In fact, it took NVIDIA only three servers to replicate the processing power of Google's neural network from last year. The search giant relied on CPU power for its data crunching, with a total of 16,000 CPU cores spread across the thousand PCs.

However, NVIDIA's use of GPU acceleration means its 11.2 billion parameter network could be condensed into a far smaller setup. It's not the first time we've seen GPUs harnessed together for this sort of huge parallel processing; earlier this year, climate researchers used GPU-powered supercomputers to model CO2 emissions, while numerous other supercomputers, such as Titan, have paired GPUs with CPUs to improve overall performance.

What makes this latest neural network particularly interesting is the fact that it relies on off-the-shelf hardware. Each of the sixteen servers has two quadcore processors and four NVIDIA GeForce GTX 680 GPUs, with each GPU getting 4GB of memory. An FDR Inniband adapter is used to hook each server together, for low-latency communication. Admittedly, a GTX 680 card will still set you back in excess of $400 apiece, but this is still a far cheaper "supercomputer" than many we've seen.

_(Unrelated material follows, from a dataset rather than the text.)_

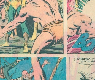 On the first reading, the connections felt like a flaw to me, but looking at the sequence again, I'm not so sure. When you take in the page as a whole, they give the fight a sense of circular motion. Or they're a result of questionable planning. . . [The cover of the issue is by Kirby and Ayers]

The new network is the handiwork of artificial intelligence researcher Andrew Ng at Stanford, who also worked with Google last year to develop the 1,000 machine cat-spotting cluster. That system, modeling the same activities and processes as the human brain, was able to learn what a cat looks like, and then translate that knowledge into spotting different cats across multiple YouTube videos.

Although that sounds easy to us, for computers the sort of fuzzy logic demanded to recognize types of animal or object but not only one specific example – such as, say, understanding that cats can be different colors or patterns, and extrapolating recognition from a limited set of example pictures – is very difficult. Ng and the Google team showed the neural network millions of images, building up its ability to spot the intrinsic characteristics of cats in future.

While it worked, the scale of the CPU-driven network meant it was impractical. The new, NVIDIA-powered version offers not only an increase in processing grunt but a smaller form-factor, and is likely to be of keen interest for those doing things like speech and object recognition, natural language translation, and other tasks that demand a more flexible approach.